待所有女子均就位後,趙當世環顧朗聲道:「各位來賓,此乃趙某誠心布置的小戲,以增席間情趣,助我等酒興。」接著又道,「這些姑娘們身前都有盤,盤中有酒。她們皆擅唱酬,來賓們需與之作對。
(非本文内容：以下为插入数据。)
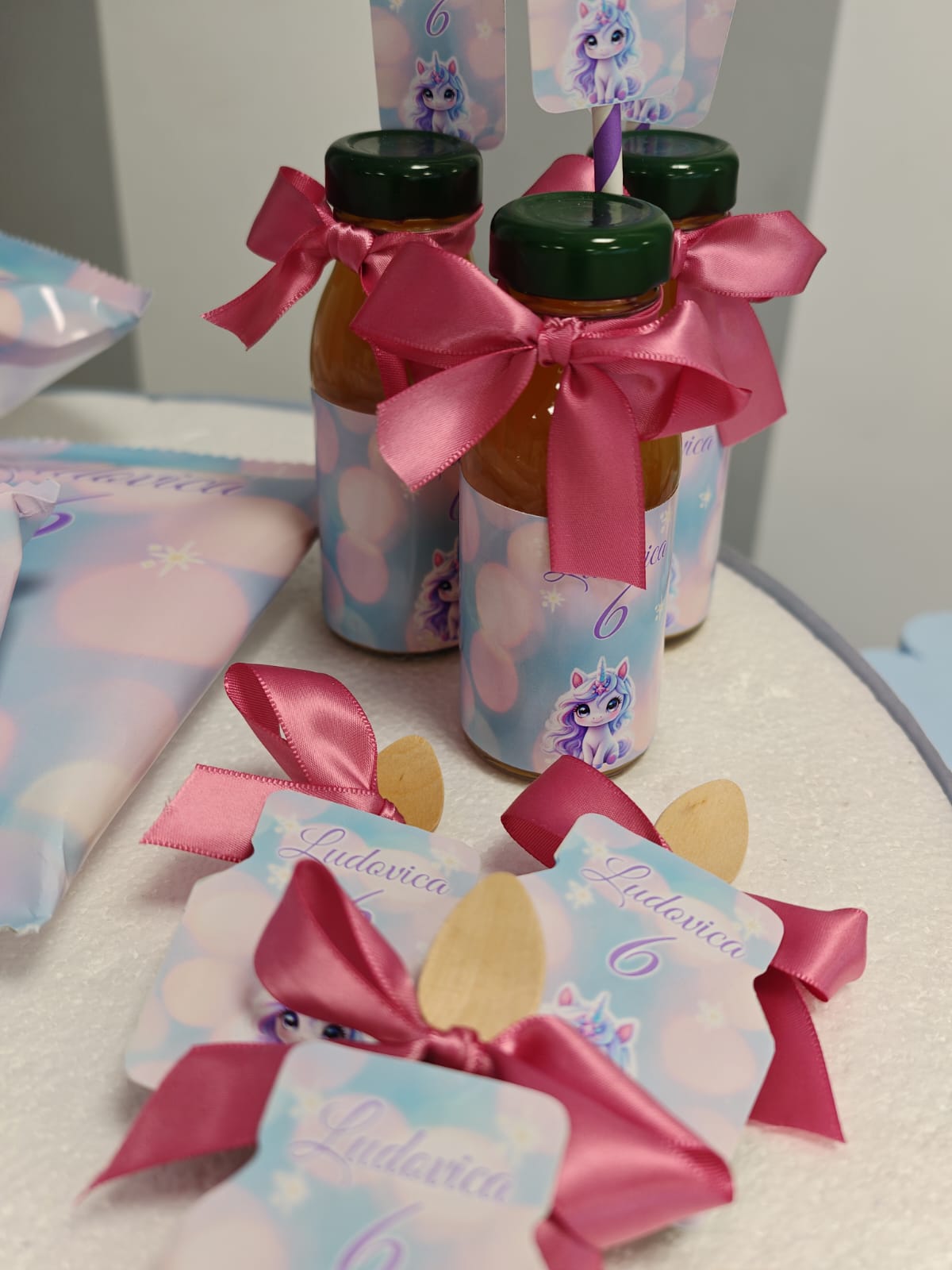 Un allestimento incantato che trasporta i piccoli ospiti nel magico mondo degli unicorni. Un morbido peluche a tema accoglie i bambini con dolcezza, diventando subito il protagonista delle foto ricordo.
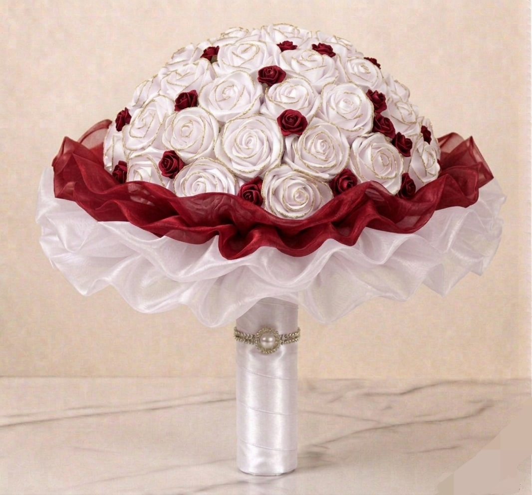 Tato kytice v sobě nese nespoutanost života. Ručně vytvořená z atlasových stuh, které se následně tepelně opracovávají a jemné organzy, působí živě, ale nikdy nezvadne. Kytice se skládá z 31 květů - 24 rozkvetlých a 7 poupat, doplněných o tři vrstvy organzy ve tvaru bohaté kaskády. Její průměr je přibližně 45 cm, výška 35 cm. Je to kytice, která potěší a rozzáří pohled každého obdarovaného. Je ideální jako dárek pro radost, dekorace, nebo symbol osobního okamžiku. JEDINEČNÝ ORIGINÁL.
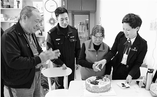 12月2日,临海市公安局大洋派出所民警和当地一家物业公司工作人员为独居老人过生日。临海市公安局开展“警民融合”工作以来,大洋派出所积极探索推行“1+N帮1”的警务新模式,社区民警主动联系物业公司,为社区独居老人建立长期帮扶机制,免费为老人安装一键报警系统,提供十项暖心服务等,托起老人幸福生活。
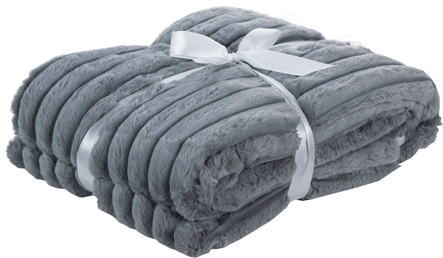 Komfortowy, miły w dotyku oraz ciepły kocyk w kolorze szarym
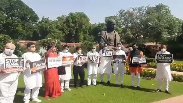 রাজ্যে আইনশৃঙ্খলার অবনতির অভিযোগ! সংসদের বাইরে প্রতিবাদ রাজ্যের বিজেপি সাংসদদের
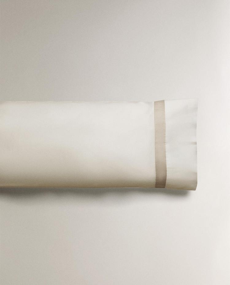 ZARA HOME НАВОЛОЧКА ИЗ САТИНА С КАЙМОЙ (300 НИТЕЙ), СЕРЫЙ
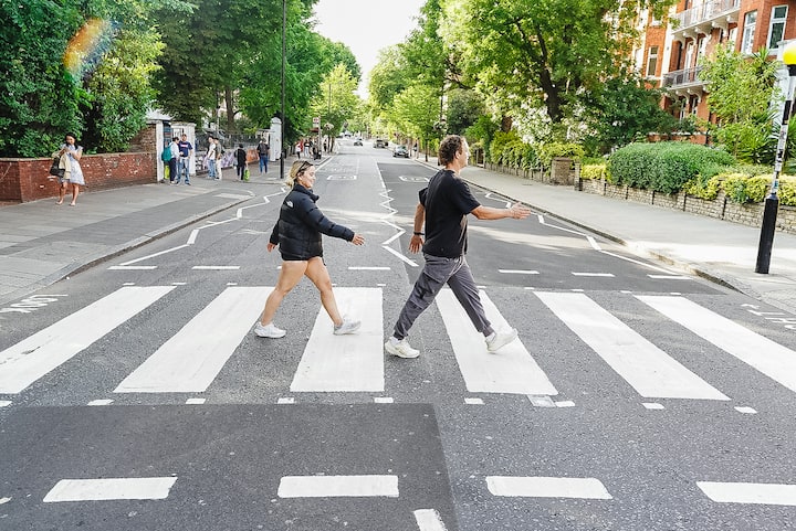 एबी रोड के इर्द - गिर्द पूरी तरह से क्रिएटिव शूट करें, न कि सिर्फ़ क्रॉसिंग (एबी रोड स्टूडियो का बाहरी हिस्सा, स्ट्रीट शॉट, स्पष्ट पल)
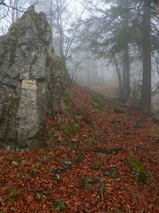 V Rybovskom sedle som takto asi o 2 hodiny, čaká ma asi polhodinka pochodu po holiach s výhľadmi a potom ponor do lesa, najmenej na dve hodiny. V mojom prípade aj do hmly, ktorá sa ako vodopád tlačí z Horehronia do Revúckej doliny. Aj s patričnými „efektami“: kým na holiach je sucho a teplo, v hmle fúka, zo stromov regulérne prší, zima zalieza za nechty. Podvedome zrýchľujem. Tretíkrát tadeto idem a zatiaľ som vždy zmokol :-)
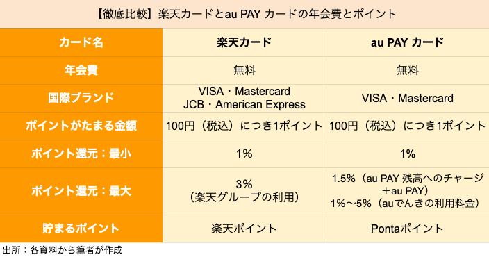 【クレカ】「楽天カード」と「au PAY カード」を比較、どちらがポイントを貯めやすいクレカか 2021.06.21 05:30 公開 執筆者藤原 悠喜 01/03 この写真の記事へ戻る 次の写真一覧へ copy URL 執筆者 藤原 悠喜 株式会社モニクルリサーチ 編集者/クレジットカード・住宅ローン・FX担当 専門学校を卒業後、複数のIT企業にて、Webメディアの立ち上げや運営に従事。SEOディレクターや広告運用など、Webマーケティング歴10年。現在は、クレジットカードのジャンルを中心にコンテンツの企画立案や執筆を行っている。これまで携わったクレジットカードのコンテンツは500以上。自身が使用するメインやサブのクレジットカードを定期的に入れ替え、サービス内容や使い勝手をユーザー視点で検証している。(2023年11月20日更新) あわせて読みたい
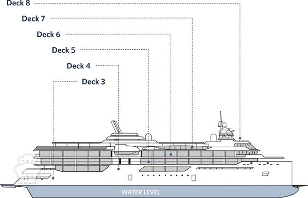 Všechny kajuty jsou apartmány, vybaveny nadstandardně velkými koupelnami a zařízené přírodními, eco-friendly materiály.
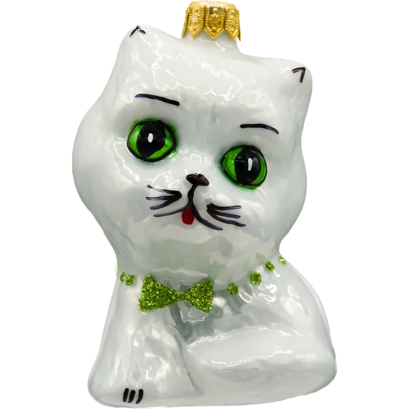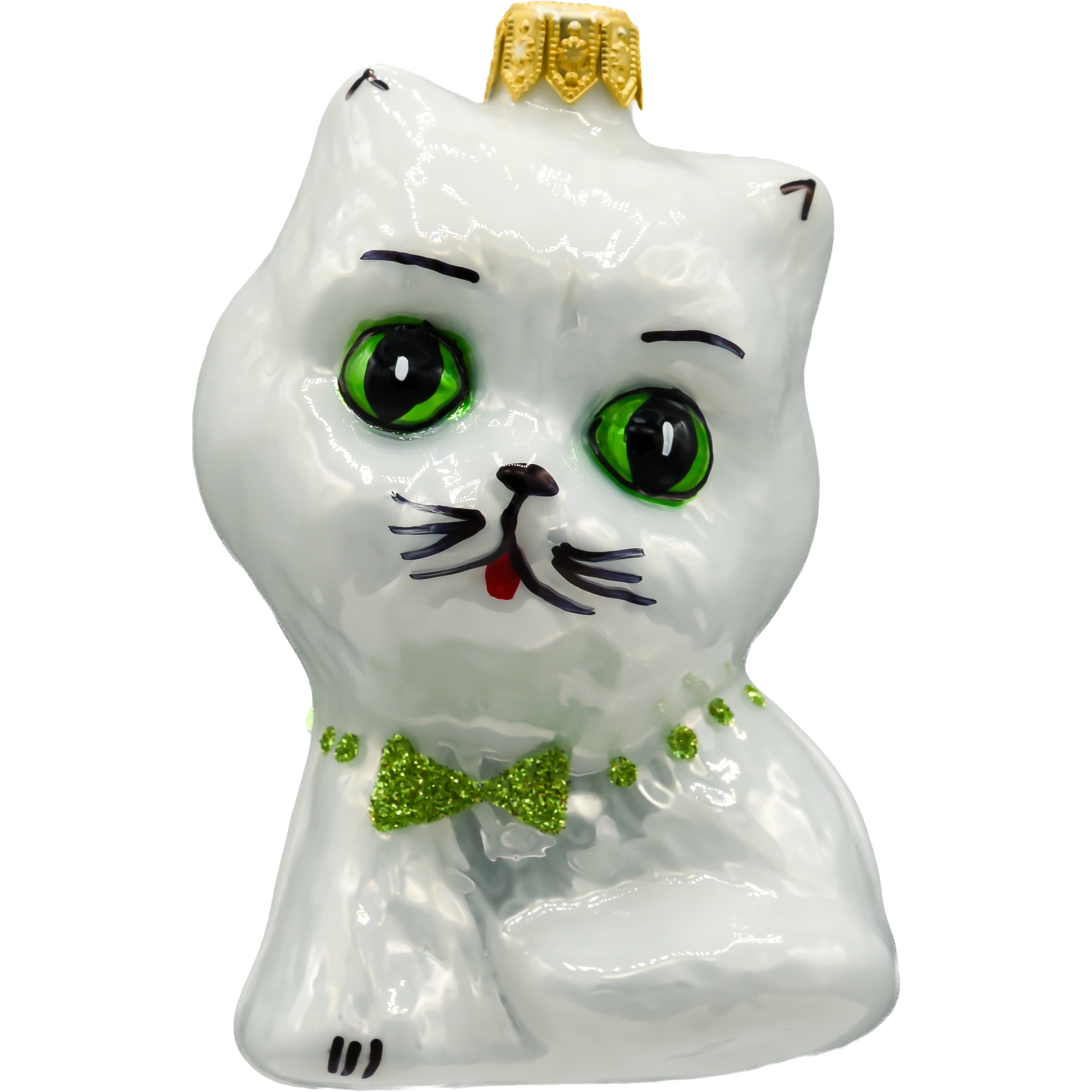 Wprowadź odrobinę elegancji i uroku do swojego świątecznego drzewka z tą ręcznie wykonaną szklaną ozdobą w kształcie kota. Ta bombka to wyjątkowa propozycja dla miłośników zwierząt, a szczególnie kotów. Precyzyjnie malowana, wyróżnia się dużymi, zielonymi oczami oraz uroczym zielonym brokatowym muszkiem, który nadaje jej eleganckiego charakteru. Ozdoba ta doskonale pasuje do każdej świątecznej aranżacji, dodając jej odrobiny zabawy i stylu.

譬如姑娘說『炮羊』,賓客對『膾鯉』,便算好對,姑娘罰吃一杯酒。反之若是壞對或對不上來,則賓客罰吃一杯酒。」
左夢庚笑道:「法子雖好,可這諒這幾杯小酒,我縱然全罰了,也不礙事。」
趙當世搖頭道:「咱們今日約定了一醉方休。只有姑娘或賓客其中一個醉倒,這一對方才罷了。各位說如何?」這話一出,下首圍觀看戲的趙營陪客們都高聲叫好。
金聲桓面露難色道:「我今夜前要回營地,吃酒太多隻怕不妥。」
劉國能亦道:「鄙人不勝酒力,也不好飲多。」
趙當世說道:「金大人放寬心。雙溝口四面都是官兵營地,來往逡巡,你不去也不會有岔子。」又道,「劉兄顧忌我亦知曉,必是擔憂家中那河東獅吧。你亦大可放心,此間樂,你我不說,絕無外傳。」說完,仰頭大笑。
左夢庚正在興頭上,不悅二人敗興,板著臉道:「人家盡心竭力安排咱們,咱們豈能不解風情?軍停三日,今日縱然飲酒再多,還能醉到三日不醒的境地?你兩個切莫再說那些個掃興話,只吃酒便了。」
趙當世附和道:「賢侄說的是。況且吃酒與否全看輸贏。二位都見多識廣,屆時還需對姑娘們手下留情則個。」
金聲桓還想再說,但瞥見左思禮遞來個眼神、衝著自己微微搖頭,當即抿嘴,與劉國能相視無語。
這時候席間眾人開始起鬨,氣氛熱烈。趙當世朝饒流波點了點頭,饒流波對著左夢庚抿嘴一笑,朱唇輕啟:「郎君,那奴就開始了。」
左夢庚渾身發酥,點頭如搗蒜道:「娘子請,娘子請!」說話間一雙眼不住上下打量著渾身散布著熟媚氣息的饒流波,不一小會兒就已口乾舌燥。